In below example I will explain about how to create Logstash configuration file by using JDBC Input Plug-in for Oracle Database and output to Elasticsearch .
Pre-requisite:
- Logstash 5.xx installed
- Elasticsearch 5.xx installed
- Java 7/8 Installed
Sample Data:
Below sample data is from defect_detail table where defect id as numeric value and increment continuously in ascending order.
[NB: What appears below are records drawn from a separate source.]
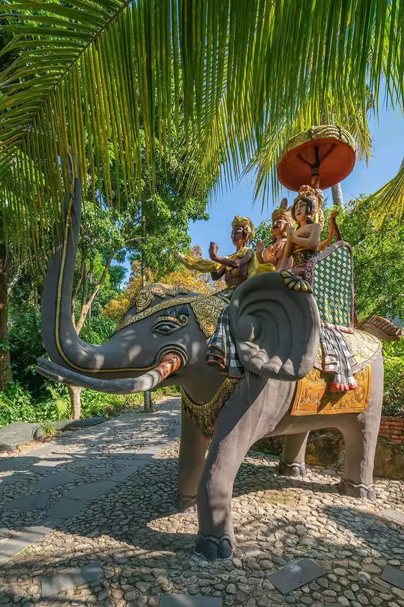 景区不大,但异域风情浓郁,仿佛来到了印尼。巴厘村有着不同的观赏区,大门是其中一个,因形状特别、洋溢着神秘的色彩,人们通常将它称之为通天门。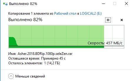 Это копирование с tlc смартбай сплеш 1тб на самсунг про 512гб а это с самсунг на смартбай=) Как видим все работает на приемлемых скоростях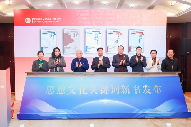 “思想文化关键词”系列的五种汉英对照新作,分别为《中华思想文化术语(生态文明卷)》《中国书法关键词》《中国戏曲文化关键词》《中国传统服饰文化关键词》和《中国传统民俗文化关键词》。该系列由各领域权威专家编著,从多学科角度深入阐释中华文化核心概念,是“术语工程”在第二个十年开局之年的重要学术成果。与会嘉宾与“思想文化关键词”系列图书作者共同为新书揭幕。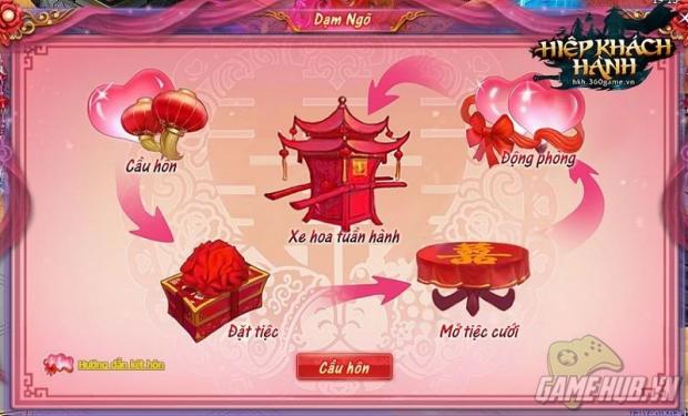 Quy trình Kết hôn trong Hiệp Khách Hành bao gồm các giai đoạnCầu hôn > Đặt tiệc >Tiệc cưới > Đông phòng > Diễu hành xe hoa.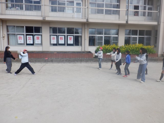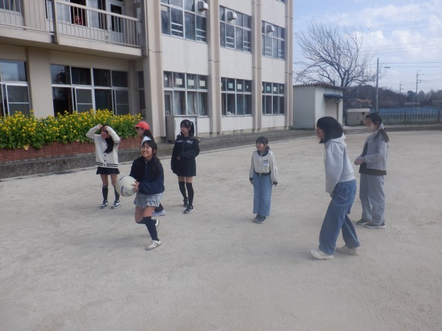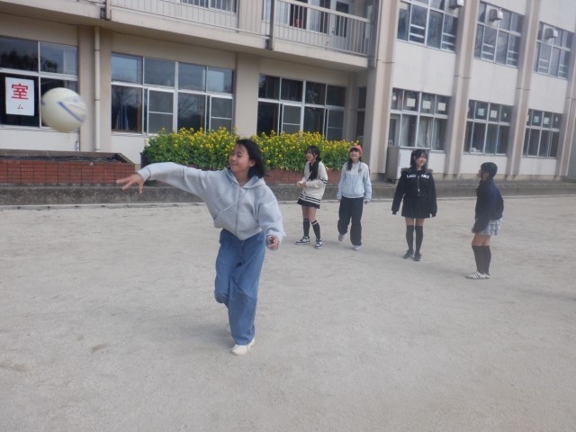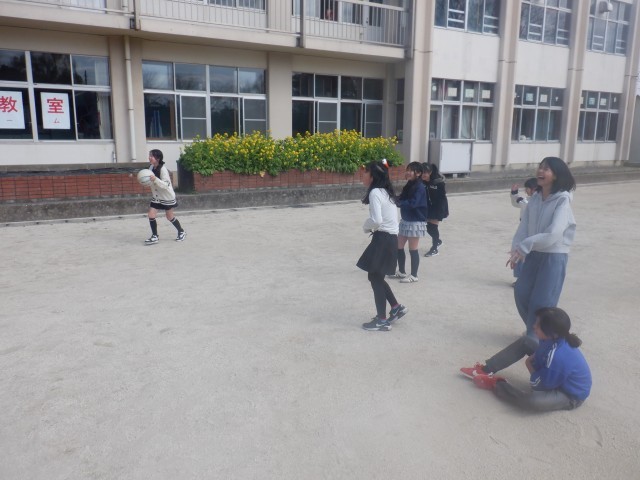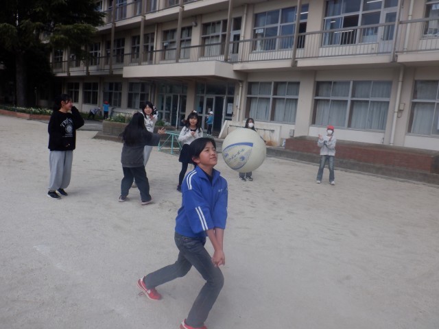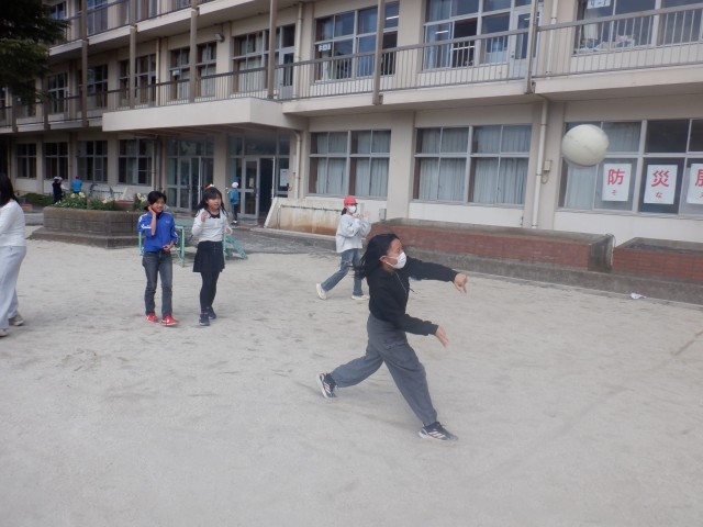 今日は6年生だけが5時間授業のため、昼休みは6年生だけで校庭を自由に使っていました。女子はドッジボールをしています。投げたり打ったりして、大盛り上がりでした。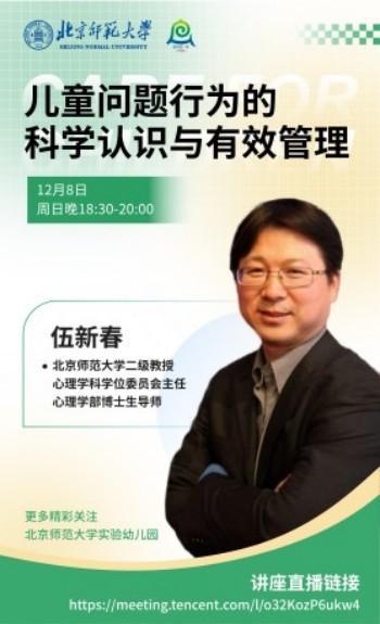 2024 年 12 月 8 日,正规滚球app官方网站成功举办家长学校活动,特邀北京师范大学二级教授、心理学科学位委员会主任、博士生导师伍新春教授,为正规滚球app官方网站的家长朋友以及海淀区学前教育干部教师培训基地北太平庄片区的老师们带来《儿童问题行为的科学认识与有效管理》专题讲座。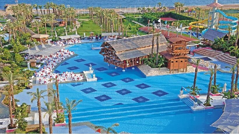 Dit luxe resort ligt in de populaire badplaats Lara, op 15 minuten afstand van Antalya. Dat heeft een prachtige vakantiebestemming met een rijk verleden en één van de belangrijkste vakantiebestemmingen van Turkije. De stad beschikt over een oud centrum waar je uren kunt rondlopen en genieten van de vele markten, thee- en koffiehuizen, boektiekjes en restaurants. Vroeger woonden veel Grieken en Armeniers in Antalya, hiervan zijn nog steeds oude kloosters en kerken overgebleven. Opvallend is dat middenin dit oude gedeelte van Antalya ook de populaire en moderne uitgaansgelegenheden gelegen zijn. In het centrum staan veel lokale handelaren waar je tot diep in de avond van alles en nog wat kunt kopen.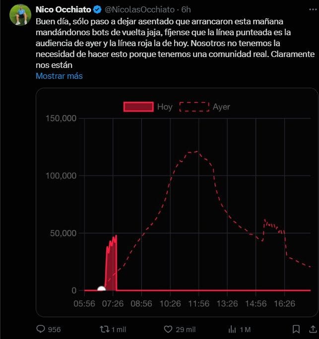 Este miércoles, Occhiato agregó: «Buen día, sólo paso a dejar asentado que arrancaron esta mañana mandándonos bots de vuelta jaja, fíjense que la línea punteada es la audiencia de ayer y la línea roja la de hoy. Nosotros no tenemos la necesidad de hacer esto porque tenemos una comunidad real. Claramente nos están queriendo ensuciar«.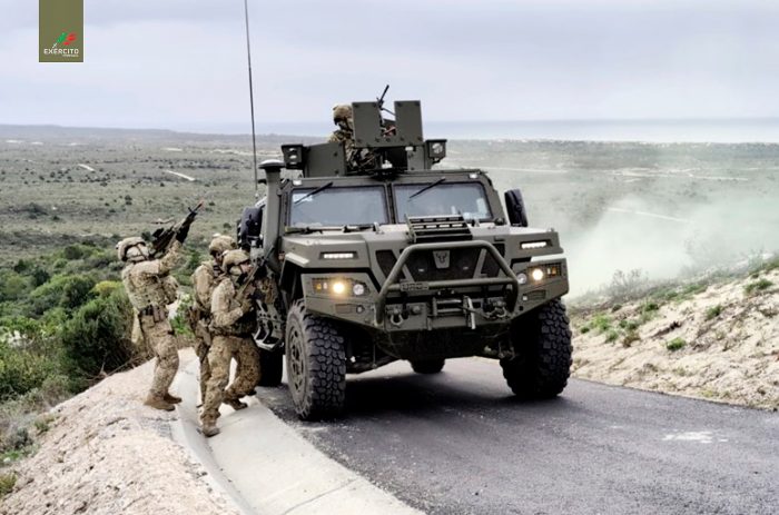 Militares do Batalhão de Comandos (BCmds) do Exército Português, no decurso do exercício multinacional “Viper Sword”, junto a uma Viatura Táctica Ligeira Blindada (VTLB) 4×4, URO VAMTAC ST5, simulando assalto ao Ponto da Crastinha, geo-referenciação 39.8311119335012, -8.970960494778057 , ref. https://maps.app.goo.gl/rcpAEQEUE3eA6AjF9 , na Marinha-Grande, Portugal, a 7 km da Base Aérea N.º 5 (em Monte Real) e a 2 Km da costa atlântica, em Novembro de 2023. A posição de ângulo elevado das suas armas visa cobrir a estrutura de torre, em cimento armado, com 15 metros de altura, com escada exterior em caracol, existente junto à Casa de Guarda do Ponto da Crastinha, que vigia o Pinhal de Leiria.
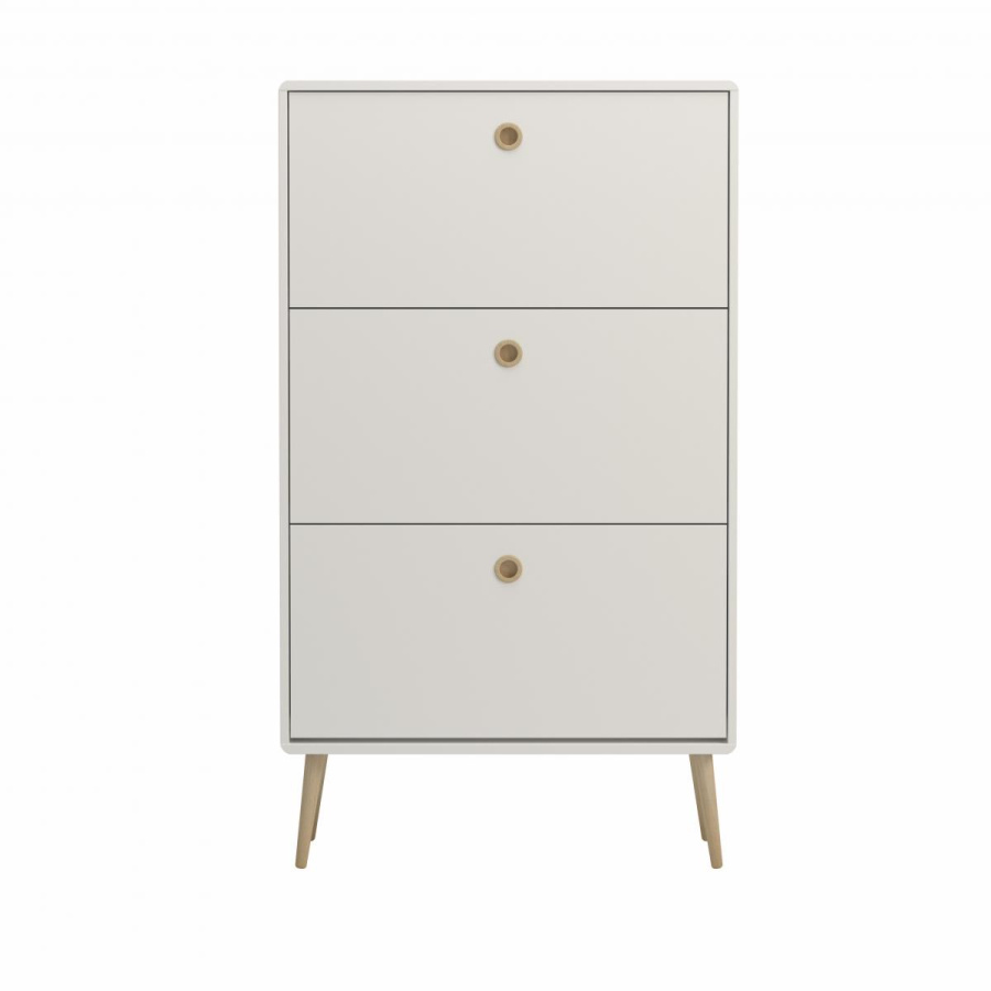 Elegantní řada Soter je ztělesněním jemných linií. Design nábytku vyrobeného z odolných MDF desek se vyznačuje zaoblenými hranami, kulatými úchytkami a nohami z masivního dubu. Sortiment této série dánského výrobce nabízí noční stolky, komody různých velikostí a tvarů, šatní skříň, botník, toaletní stolek a konzolový stolek. Zboží je dodáváno v demontu, součástí je schematický návod na montáž.
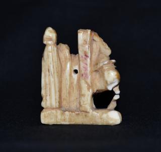 Partially carved in the round; vertical axis in the centre where the piece must have been attached to a surface. Traces of purple pen inscription, not legible.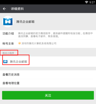 注意:暂提供“腾讯企业邮箱”官方微信公众号,可在公众号中,进入小程序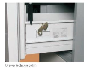 A simple, full proof isolation catch provided on the right hand side of each drawer permits its independent use and locking.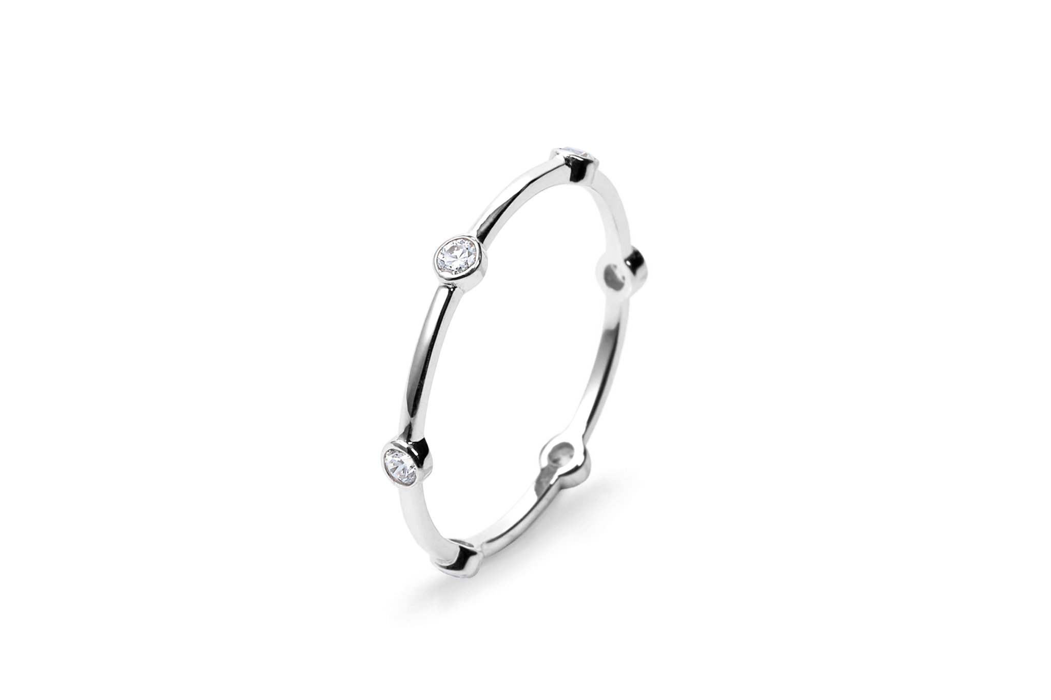 Dieser zarte Ring sorgt für das perfekte Funkeln, um deinen Look aufzuwerten. Der Six Diamond Band funkelt mit sechs einzelnen weißen Diamanten, die entlang eines Bandes mit einer zarten Goldverbindung angeordnet sind. Er lässt sich perfekt mit dem Station Diamond Bracelet kombinieren.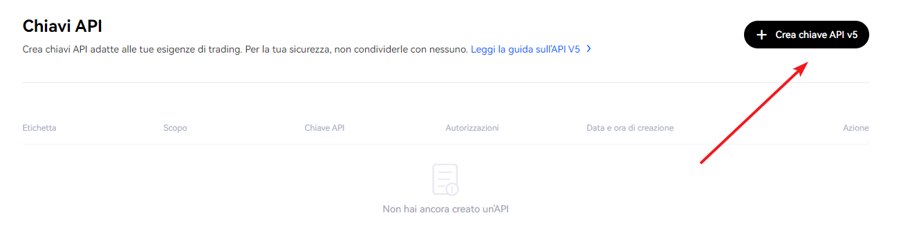 Tutte le operazioni di trading vengono create ed elaborate utilizzando una chiave API dell’exchange, che è unica per ogni utente. Una chiave API è un modo sicuro e affidabile per utilizzare una piattaforma, perché non dà accesso ai tuoi dati personali e impedisce qualsiasi manipolazione dei fondi (inclusi prelievi e depositi).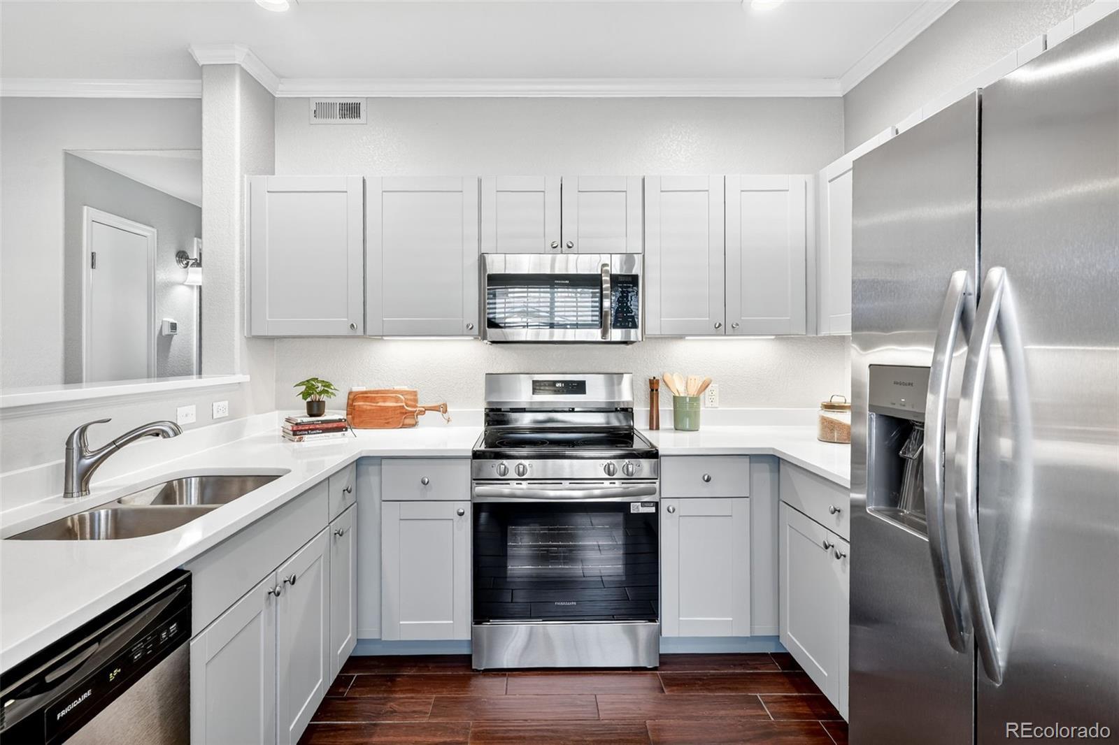 Step into this newly and beautifully updated condo in vibrant Aurora, and prepare to be impressed! This is a truly turn-key opportunity that seamlessly blends fresh design with peace of mind. The home shines with an all-new kitchen, featuring sleek stainless steel appliances, brilliant quartz countertops, new cabinetry, and modern overhead and under-cabinet lighting. The elegant updates continue throughout, with fresh designer paint and revitalized bathrooms boasting brand new vanities, lighting, and matching quartz. Large bedrooms feature ample natural light and spacious closets. Worry less about the big stuff: the home also features newer HVAC systems and a water heater. Your new gated community is a private retreat offering fantastic amenities: a clubhouse, fitness center, and a gated pool. Living in Aurora means enjoying the best of Colorado—a dynamic city with easy access to both urban conveniences and outdoor adventures. With public transportation nearby, commuting is a breeze. Easy access to Lowry, Cherry Creek, and the Denver Tech Center. There is ample shopping nearby for your daily needs. This is more than just a home—it’s an elevated, low-maintenance lifestyle waiting for you! Don't miss this opportunity in a prime location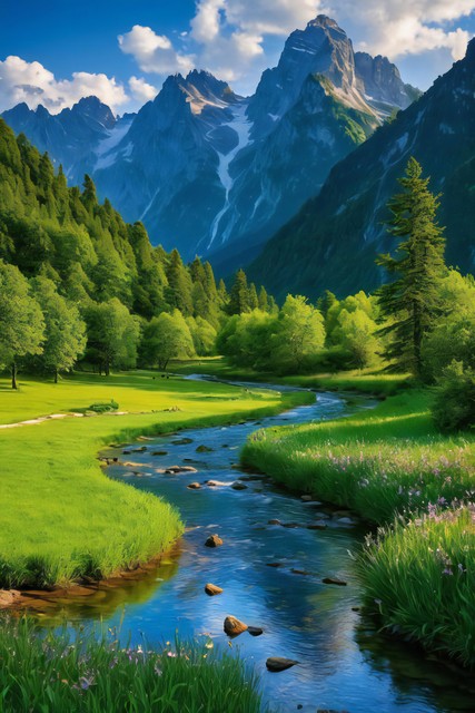 美丽风景,青山连绵,绿地无垠,花朵缤纷绽放,令人心醉的自然之景,大自然的杰作背景,神秘旅游游玩胜地
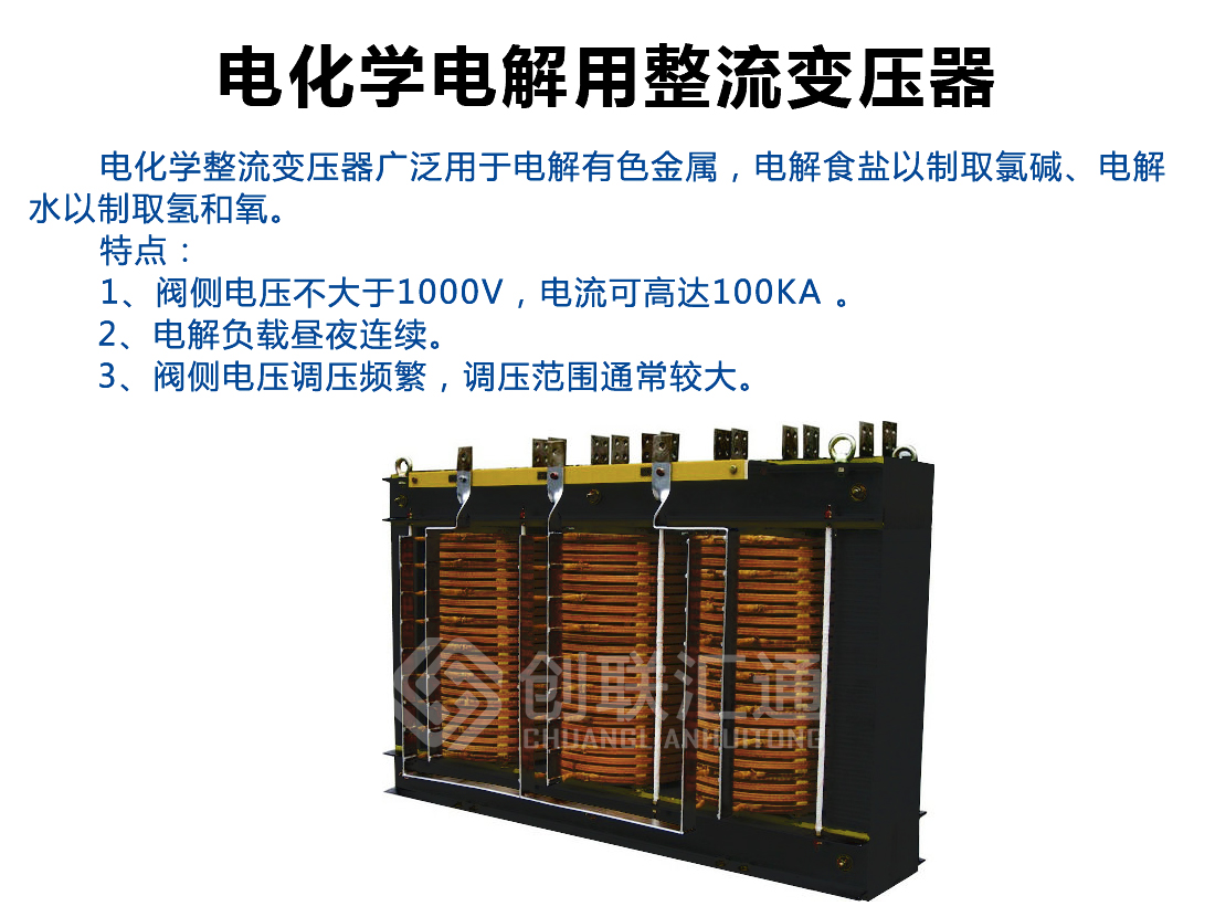 廣泛應用于電化學工業(yè),這是應用整流變最多的行業(yè),電解有色金屬化合物以制取鋁、鎂、銅及其它金屬;電解食鹽以制取氯堿;電解水以制取氫和氧等領域。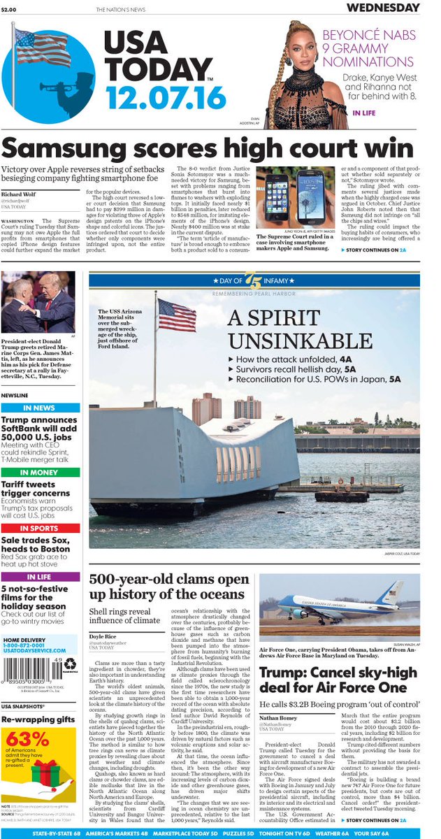 On today's #frontpage: @samsung scores high court win over @Apple; @realDonaldTrump blasts $3.2B #AirForceOne program as 'out of control'pic.twitter.com/8bi11Vfrgu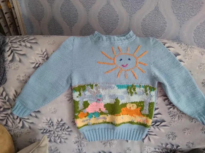 Это мой первый опыт в вязании сюжетной картинки. С жаккардом вроде бы на "ты". Но это... не передать словами.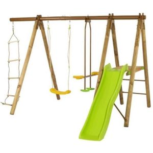 Portique bébé bois pas cher clearance, Station bois Arum, portique pas cher avec balançoire, siège bébé, vis-à-vis et plateforme avec toboggan clearance

defect_id owned_by severity status summary application created_by creation_date modified_by modified_date assigned_to 530812 Ramesh Severity 3 Cacelled Customer call 5 time TEST-APP Saurabh 7/3/2017 15:44 Gaurav 8/19/2017 6:22 Development 530828 Neha Severity 1 Cancelled Dealer Code Buyer on behalf TEST-APP-5 Rajan 7/3/2017 16:20 Nilam 8/17/2017 9:29 Development 540829 Ramesh Severity 1 Retest Completed Client Not want Bulk call TEST-APP-4 Rajiv 7/24/2017 11:29 Raghav 8/5/2017 20:00 IST
Configuration File :
Below configuration file is setup to read data from Oracle database , will execute query in every 15 minute and read records after last run value of defect id . We should always use order by for column for which need to use last run value as configured for defect_id having numeric column.
If you are using any other database like MYSQL, SQLServer, DB2 etc. change jdbc_driver_library and jdbc_connection_string according to database. Because every database have there own query format so update query accordinly.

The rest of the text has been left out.